El patio de butacas, con sus terciopelos rojos y las maderas pintadas de blanco y oro («oro de verdad, eh», decía Amr), era un espectáculo digno de verse. Los palcos, decorados con arreglos de flores blancas y azules, gladiolos, azaleas, lirios y delfiniums, eran un prodigio de armonía y color. Arriba del todo, en el tercer piso, muselinas y bordados escondían las logias del harén utilizadas por las princesitas durante el último tercio del siglo XIX, pero arrastradas ya al desuso por el impulso civilizador del XX.

Entre los asistentes, los hombres vestían de frac; bandas de condecoración de los más extravagantes colores les cruzaban la blanquísima pechera del hombro a la cadera. Los militares egipcios o británicos o alemanes o italianos llevaban sus uniformes de gala con los sables y espadines de vermeil y las grandes cruces de heroísmo bélico cubriendo toda la casaca de arriba abajo. Los pashas egipcios y turcos se habían endosado caftanes y fajas de brocado y se cubrían la cabeza con tarbushes de seda. Y más de un oficial inglés destinado en el Sudán había subido desde Jartum con su amante oficial, para moderado escándalo de la buena sociedad. (El mismísimo Archibald Hunter, que acabaría siendo segundo en la cadena de mando del ejército egipcio, explicaba a sus íntimos la presencia de su acompañante afirmando que, de no estar ella, «tendría que procurarme la compañía femenina en El Cairo y eso siempre quiere decir que me contagiarán una gonorrea»).
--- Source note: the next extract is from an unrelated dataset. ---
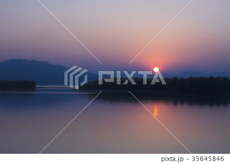 紅日餘暉映照河面

Las señoras, vestidas con trajes de noche traídos de París para la ocasión, rivalizaban en elegancia y en espectaculares joyas; las egipcias escondían el rostro con velos transparentes que, una vez ocupados sus asientos en el teatro, deslizaban sobre los hombros. Sólo suscitó un murmullo generalizado la llegada de Hoda Shaarawi a cara descubierta; menos de un año antes había escandalizado a la buena sociedad cairota al bajarse de un compartimento de primera clase en la estación de Bab el-Hadid quitándose el velo con un gran gesto teatral frente a los pasajeros que, en gran número, llenaban el andén.

Acababa de estrenarse la primera producción cinematográfica de Egipto, En la tierra de Tutankamón, y sus principales estrellas, estrellas ya, también habían acudido a la gran velada.

La pequeña orquesta sinfónica de El Cairo interpretaría desde el foso partituras a propos, empezando, naturalmente, por la marcha triunfal de Aída.

Sin embargo, lejos de ser la reunión frívola como tantos uniformes militares, joyas, damas engalanadas y flores hubieran podido sugerir, la velada tenía una finalidad intelectual y académica.

Se trataba de honrar a Ahmed Hassanein Bey, el descubridor de los oasis perdidos, un explorador ilustre que acababa de fijar las fronteras egipcias del oeste y del suroeste, tomando mediciones precisas en un viaje emprendido dos años antes por el desierto Líbico y la tierra de los senussi.

Sobre el escenario o, más bien, en el proscenio, habían sido instalados una mesa estilo Imperio, de maderas claras y ribetes dorados, con su correspondiente butaca y, a un lado y debajo de unos cortinones cerrados en su parte superior por una gran corona real, dos tronos tapizados en terciopelo.